Selon le rapport sur le "Paysage des dangers 2013" de l'Agence européenne pour la sécurité des réseaux et de l'information ENISA, les "Drive-by-Infections" sont au premier rang des cyberdangers. On appelle malware les virus, logiciels espions, vers d'ordinateur ou chevaux de Troie. Des pirates accèdent à un site web au moyen de mots de passe volés ou décryptés. Rien que l'appel d'un site infecté pour déclencher l'installation de logiciel pernicieux.
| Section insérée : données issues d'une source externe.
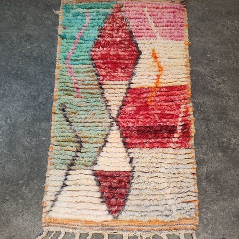 Boojaad-mattor är handvävda berbermattor från Atlasbergen i Marocko. De kännetecknas av mjuk ull, lekfulla färger och asymmetriska mönster som ofta skapas fritt utan förlagor. Resultatet blir unika, konstnärliga mattor med en bohemisk och varm känsla, perfekt som både inredningsdetalj och samlarobjekt.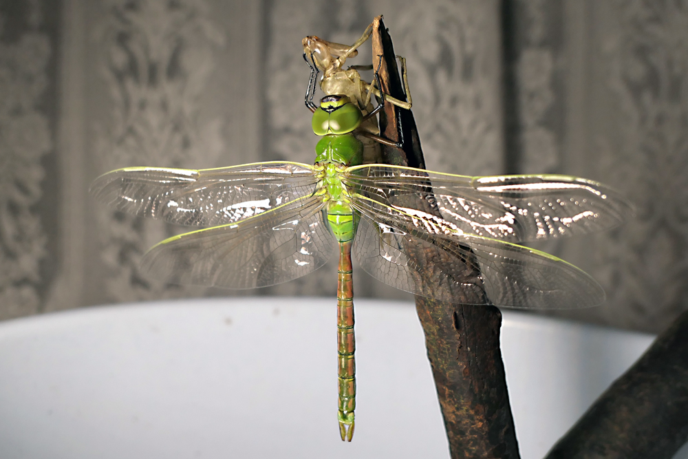 21 79 近所で捕ったギンヤンマのヤゴが羽化した。 腰が水色のがオス。黄緑だとメス。これは水色がまだ出てないオス。 23/06/12 21:09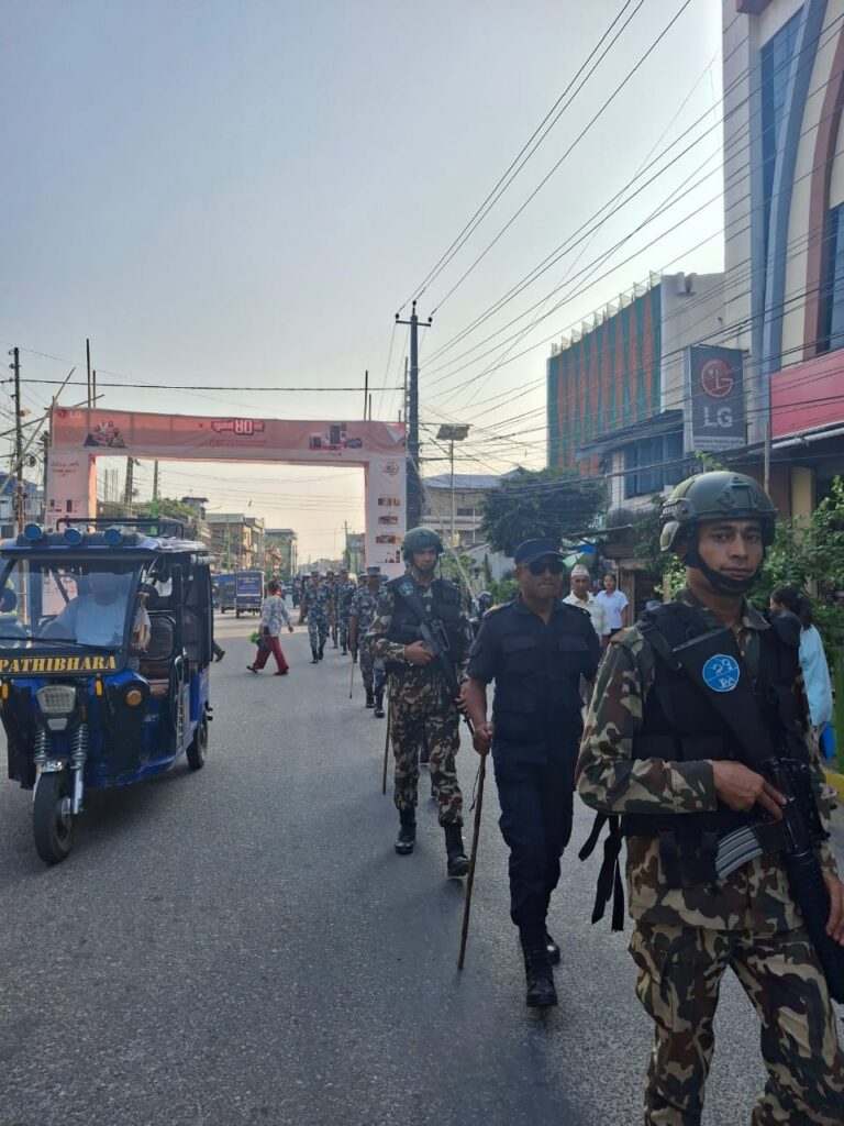 झापा, कात्तिक ७ । तिहार , छठ र त्यसपछिको सुरक्षा परिस्थितिलाई ध्यानमा राख्दै नेपाली सेनाले झापाका मुख्य बजारहरुमा संयुक्त गस्तीलाई तीब्रता दिएको छ ।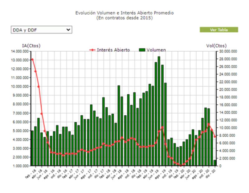 El interés abierto en Rofex a finales de noviembre fue de u$s 5086 millones y, dado que hay muy pocos jugadores vendiendo dólares, se estima que prácticamente toda la posición vendida le corresponde al BCRA. Aun así, en el ultimo mes se registra una contracción del interés abierto ya que en octubre había alcanzado niveles de u$s 5700 millones.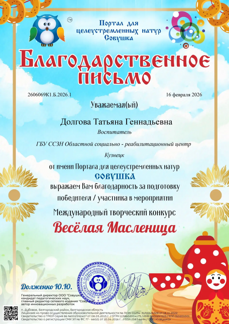 Персональный сайт воспитателя Долговой Татьяны Геннадьевны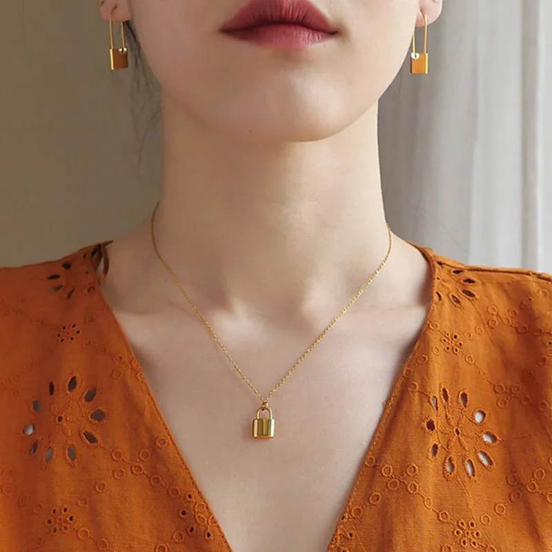 Collar en acero inoxidable con dije de candado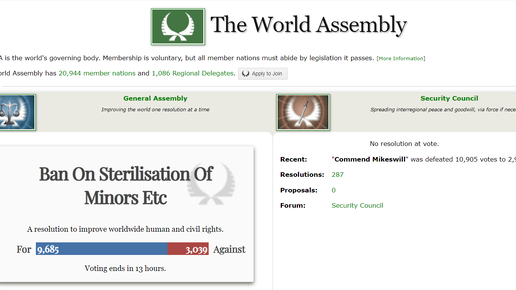 NationStates позволяет вам создать собственное государство (или даже несколько). Смысл игры сводится к принятию, изменению и отмене законов, изучении влияния этих действий на государство и взаимодействию с другими странами. Исходя из принятых вами решений, игра будет высчитывать ваш рейтинг среди остальных государств.

Un modèle commercial lucratif aux pratiques nouvelles 

Jamais encore il n'avait été répandu autant de types de malware. Des pratiques toujours plus raffinées sont développées pour infecter des sites web. Le logiciel pernicieux réagit généralement en quelques heures aux nouvelles lacunes de sécurité et accède à des documents, enregistre des frappes de touches ou copie des mots de passe. Et le tout est envoyé aux serveurs des cybercriminels. Etant donné que les codes malicieux sont toujours mieux cachés sur les sites, le nettoyage devient de plus en plus difficile et le "modèle commercial" malware plus lucratif.

Problème reconnu 

Le problème des serveurs web infectés hébergeant des "Drive-By Downloads" est connu aussi bien au niveau international que dans notre pays. Grâce à la bonne collaboration avec les hébergeurs suisses, on peut intervenir activement contre les serveurs infectés. "Les autorités répressives internationales sont actives et agissent contre les responsables, comme le montre l'arrestation, l'année dernière, de l'auteur du malware bien connu "Blackhole Exploit Kit".", confirme Michael Hausding du service de sécurité de SWITCH.

Un processus de nettoyage établi 

Si SWITCH détecte du logiciel pernicieux, le détenteur du domaine en est informé. Celui-ci peut supprimer le code dangereux dans les 24 heures. S'il ne répond pas à cette injonction, le site web est bloqué par mesure de sécurité. En 2013, le code dangereux a été immédiatement supprimé dans environ 2100 des cas. 35 domaines ont été effacés, les gestionnaires n'ayant pas réagi et dans un cas, les autorités ont été informées. Depuis l'introduction du processus en 2010, SWITCH a détecté du logiciel pernicieux dans 7469 cas au total. Par le nettoyage des sites infectés, SWITCH veille à la sécurité et à la stabilité d'Internet en Suisse.

Rapport Paysage des dangers 2013 d'ENISA:
http://swit.ch/enisa
 
A propos de SWITCH

SWITCH a, en tant que partenaire des hautes écoles, introduit Internet en Suisse voici 25 ans. Actuellement, cette organisation sans but lucratif développe, avec 100 collaborateurs au siège de Zurich, des services Internet pour enseignants, chercheurs et étudiants ainsi que pour des clients commerciaux. SWITCH est synonyme de sécurité sur Internet.